Interview rights for sale, allowing one on one time with any or all of the 25. We allow advertising for specific products. Pay enough, and you get to use the images and words of your chosen trump to launch your new product. I can see new AR 15 manufacturers lining up for young Don. He’s quite the gunman.
Trump Spliffs? A joint company branded to a product that will make you as stupid as a Trump. There’s gold dust right there.
All proceeds of every deal go to the holding company. MARA.
For the art world, attached artist platforms for (richly) sponsored artists to sketch their favourite trump nude. Melanoma? Ivanka? Eric? Take your pick, long as you pay.
Finance the venture as per my specification and appoint me CEO and I will promise you a two year target to eliminate the entire national debt deficit.
That’s right folks. I will make America great again where it matters most; economically. In two years from opening day.
Through live paying audience, 24 hours daily, 7 days a week, and by tv rights.
This will be the biggest broadcasting rights bidding war in history. Streamed and terrestrial.
Forget trade wars with China. We will make more out of China selling in this product than all previous trade combined. (In first two years.) and of course they can’t rip off the idea and do it themselves.
Trump and family can leave the grown up Pohlitikal stuff to the professionals and get to what they do best. Lie cheat and steal and make a spectacle that puts bums on seats. In this case, their bare bums in glass seats. Finally they will all be starring in one reality show that benefits not just America, but the whole world.
Imagine the ad revenue on my new 24 hour reality show?
I am going to say, this will be bigger than every TV show gross put together. In the space of two years.

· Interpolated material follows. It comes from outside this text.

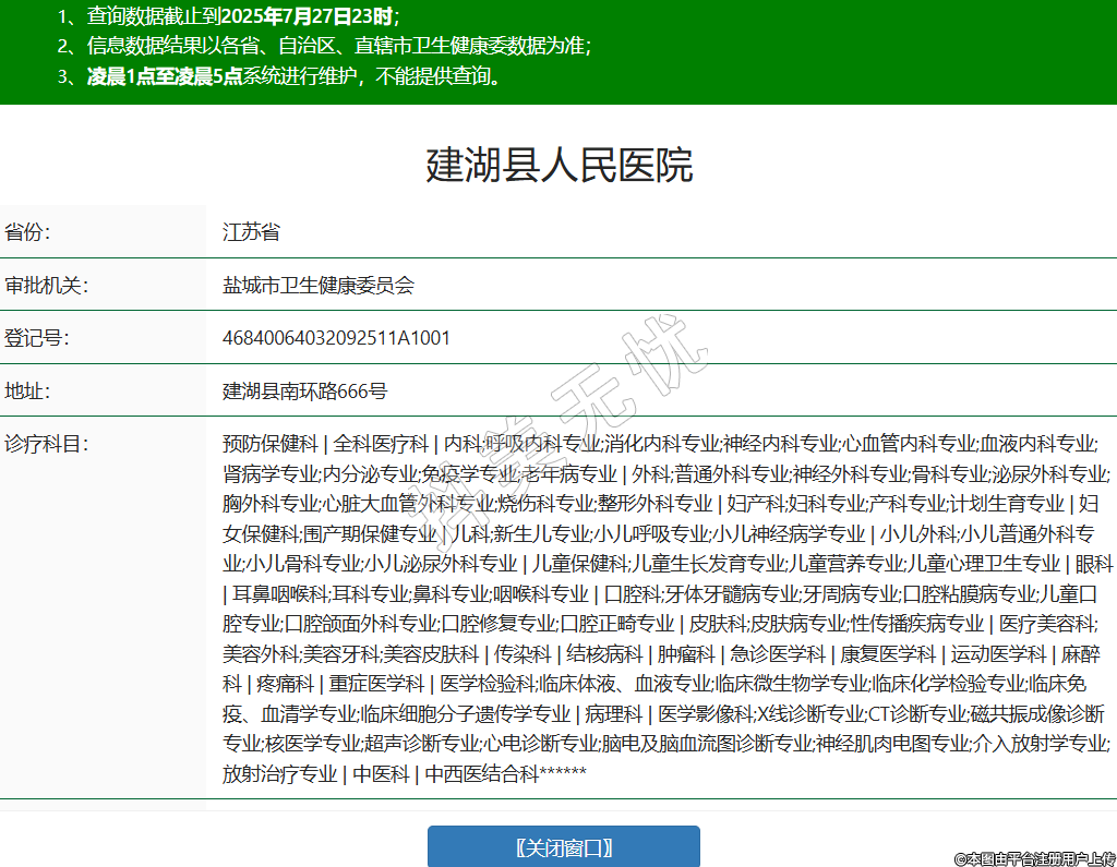 省份:江蘇省審批機關(guān):鹽城市衛(wèi)生健康委員會登記號:46840064032092511A1001地址:建湖縣南環(huán)路666號診療科目:預(yù)防保健科 | 全科醫(yī)療科 | 內(nèi)科;呼吸內(nèi)科專業(yè);消化內(nèi)科專業(yè);神經(jīng)內(nèi)科專業(yè);心血管內(nèi)科專業(yè);血液內(nèi)科專業(yè);腎病學(xué)專業(yè);內(nèi)分泌專業(yè);免疫學(xué)專業(yè);老年病專業(yè) | 外科;普通外科專業(yè);神經(jīng)外科專業(yè);骨科專業(yè);泌尿外科專業(yè);胸外科專業(yè);心臟大血管外科專業(yè);燒傷科專業(yè);整形外科專業(yè) | 婦產(chǎn)科;婦科專業(yè);產(chǎn)科專業(yè);計劃生育專業(yè) | 婦女保健科;圍產(chǎn)期保健專業(yè) | 兒科;新生兒專業(yè);小兒呼吸專業(yè);小兒神經(jīng)病學(xué)專業(yè) | 小兒外科;小兒普通外科專業(yè);小兒骨科專業(yè);小兒泌尿外科專業(yè) | 兒童保健科;兒童生長發(fā)育專業(yè);兒童營養(yǎng)專業(yè);兒童心理衛(wèi)生專業(yè) | 眼科 | 耳鼻咽喉科;耳科專業(yè);鼻科專業(yè);咽喉科專業(yè) | 口腔科;牙體牙髓病專業(yè);牙周病專業(yè);口腔粘膜病專業(yè);兒童口腔專業(yè);口腔頜面外科專業(yè);口腔修復(fù)專業(yè);口腔正畸專業(yè) | 皮膚科;皮膚病專業(yè);性傳播疾病專業(yè) | 醫(yī)療美容科;美容外科;美容牙科;美容皮膚科 | 傳染科 | 結(jié)核病科 | 腫瘤科 | 急診醫(yī)學(xué)科 | 康復(fù)醫(yī)學(xué)科 | 運動醫(yī)學(xué)科 | 麻醉科 | 疼痛科 | 重癥醫(yī)學(xué)科 | 醫(yī)學(xué)檢驗科;臨床體液、血液專業(yè);臨床微生物學(xué)專業(yè);臨床化學(xué)檢驗專業(yè);臨床免疫、血清學(xué)專業(yè);臨床細胞分子遺傳學(xué)專業(yè) | 病理科 | 醫(yī)學(xué)影像科;X線診斷專業(yè);CT診斷專業(yè);磁共振成像診斷專業(yè);核醫(yī)學(xué)專業(yè);超聲診斷專業(yè);心電診斷專業(yè);腦電及腦血流圖診斷專業(yè);神經(jīng)肌肉電圖專業(yè);介入放射學(xué)專業(yè);放射治療專業(yè) | 中醫(yī)科 | 中西醫(yī)結(jié)合科******級別:三級法定代表人:薛成俊主要負責(zé)人:薛成俊執(zhí)業(yè)許可證有效期:2019/04/01 -至- 2034/03/31 -

I want to approach Bill to host the opening of the Trump trial. Live from Trump Glass Cages.
The trial will begin following the arrest and incarceration of the twenty five in the glass cells. The court room will be the central area, where, later, live acts will perform, choosing their music carefully for the weighty stage this represents. No respectable band will be unable to have a live album, recorded at Trump Glass cages, NYC. And we will withhold all but ten percent of phonographic rights for the new business.
The trading company is registered as MARA
Make America Rich Again.
Make America Right Again.
That’s one for the chaps in market testing.
Our caps will sell for fifty bucks for the rainbow colored, or $100 for the Cheeto Orange.
Once the national debt is removed and responsible economists are back in charge all proceeds from MARA will go toward the world leading UHC and the worlds best constructed Universal income system, linked to a new education system.
And that really will MAGAL.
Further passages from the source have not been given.